Segment Start: Available data
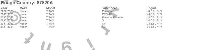 Below is an abbreviated list of applications for the Suspension Lift Kit w/Shock.TITAN, Nissan, 2023, 2022, 2021, 2020, 2019, 2018, 2017
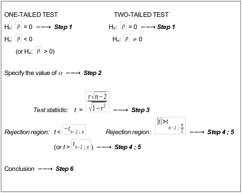 The previous hypothesis tests were performed to statistically determine whether a linear relationship or regression exists between the variables. In this section we will discuss another hypothesis test which is about determining whether a correlation between the variables exists. Keep in mind that the correlation coefficient r measures the correlation (strength) between x-values and y-values for the sample data. But, a similar coefficient of correlation exists for the whole population of data from which the sample was selected. So, we want to know whether there is any evidence of a statistically significant correlation between the x-values and the y-values of the population of data. By now you know that, if we want more information about the population of data, we have to perform a hypothesis test. If r denotes the correlation for the sample data, what symbol are we going to use to denote the population correlation coefficient? The population correlation coefficient is denoted by the symbol \((\rho)\). The procedure to test for correlation between two variables is outlined in the figure below.
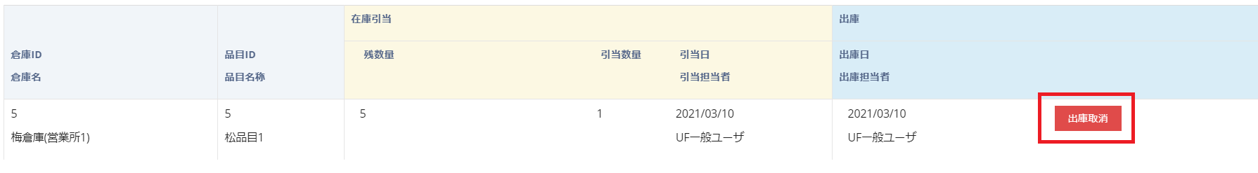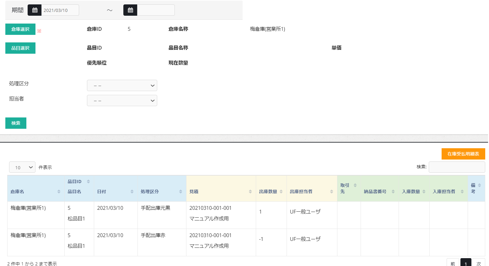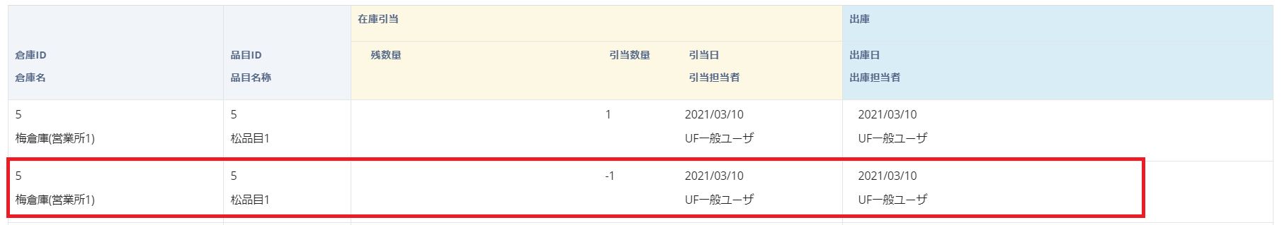 在庫から引き当てる品目は、在庫保管場所(倉庫)と引当数量が初期表示されます。
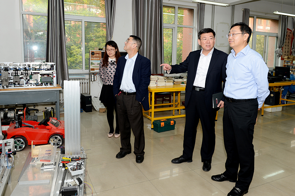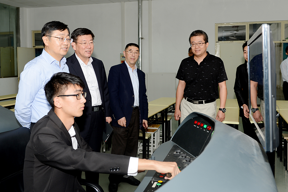 訪問期間,王榮昌陪同關延平、祝敏申一行參觀了數控加工車間、激光雕刻工作室、通信技術實訓室、SMT實訓室、機器人創新實訓室和軌道交通實訓場等實驗實訓場所。
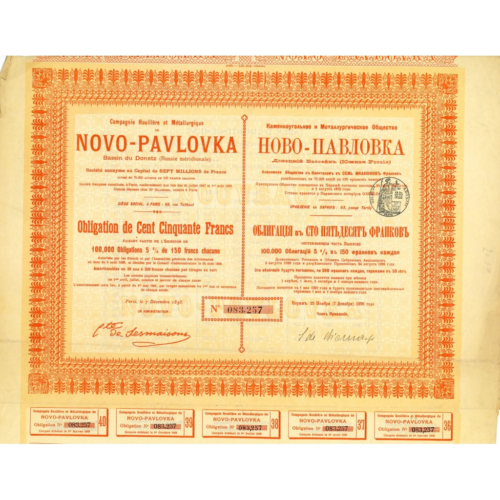 La "Compagnie Houillère et Métallurgique de Novo-Pavlovka" è stata una delle principali società minerarie e metallurgiche attive nel bacino del Donetz, nel sud della Russia. Fondata nel 1898, la società si occupava dell'estrazione e della lavorazione del carbone e di altre risorse minerarie, fondamentali per l'industria dell'epoca. La società ha svolto un ruolo cruciale nello sviluppo economico e industriale della regione, contribuendo significativamente all'economia locale e nazionale.
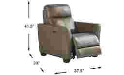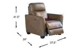 Harmony, comfort and modern elegance fill your room like a melodic symphony with the Maestro collection guiding every note and nuance with effortless flair. This contemporary dual power recliner features head and footrests that can be raised or lowered to any desired position. An integrated control panel on the outside of the piece has a USB port that makes charging to your mobile devices directly from the unit easy and convenient. Upholstered with top grain leather where the body touches in a brown mushroom color, the look wouldn't be complete without stylish radius arms and top-stitched outer seams that tailor the recliner to perfection. Upholstery: Top grain leather where the body touches. Polyurethane sides and backs.
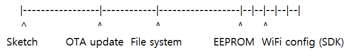 Sketch 영역은 스케치가 업로드되는 영역이고 OTA update는 무선으로 스케치를 변경하기 위해 할당된 영역이며 File system이 다루고자 하는 SPIFFS 라이브러리에 의해 생성된 파일들이 저장되는 영역이다. WiFi config 영역은 WiFi 환경에 관한 내용들 SSID, Password등 WiFi 연결에 관한 설정을 저장하는 항목인데 보안상 이유 때문에 일반적으로 직접 접근하여 수정할수 없고 Wifi 라이브러리에 의해 관리되는 영역이다. 이러한 이유로 와이파이 관련 데이터가 변경될 경우 이전 데이터가 남아 있어 WiFi 연결이 지연되거나 오류(Stack Error)를 유발하는 경우가 있었다. SSID와 Password를 변경한 스케치를 반복적으로 업로드 하던중 간혹 발생했었다. 이런 오류가 발생하면 ESP8266의 전체 시스템을 공장 초기화 하고 스케치를 다시 업로드 하는게 쉬운 해결 방법이다. 공장 초기화 방법은 이전글 Esp8266 NodeMcu 및 ESP32 Dev Module, stack 오류 을 참조하기 바란다.
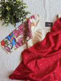 Size 38 - 3/4th sleeve pichwai work padded blouse comes with tomato red weaving crepe silk saree
Segment End: Available data
In the listing above, find the line containing "訪問期間,王榮昌陪同關延平、" and the line containing "Harmony, comfort and", then print exactly those two lines and every line between them, minus the pictures.

→ Exercise solution:
 訪問期間,王榮昌陪同關延平、祝敏申一行參觀了數控加工車間、激光雕刻工作室、通信技術實訓室、SMT實訓室、機器人創新實訓室和軌道交通實訓場等實驗實訓場所。
 La "Compagnie Houillère et Métallurgique de Novo-Pavlovka" è stata una delle principali società minerarie e metallurgiche attive nel bacino del Donetz, nel sud della Russia. Fondata nel 1898, la società si occupava dell'estrazione e della lavorazione del carbone e di altre risorse minerarie, fondamentali per l'industria dell'epoca. La società ha svolto un ruolo cruciale nello sviluppo economico e industriale della regione, contribuendo significativamente all'economia locale e nazionale.
 Harmony, comfort and modern elegance fill your room like a melodic symphony with the Maestro collection guiding every note and nuance with effortless flair. This contemporary dual power recliner features head and footrests that can be raised or lowered to any desired position. An integrated control panel on the outside of the piece has a USB port that makes charging to your mobile devices directly from the unit easy and convenient. Upholstered with top grain leather where the body touches in a brown mushroom color, the look wouldn't be complete without stylish radius arms and top-stitched outer seams that tailor the recliner to perfection. Upholstery: Top grain leather where the body touches. Polyurethane sides and backs.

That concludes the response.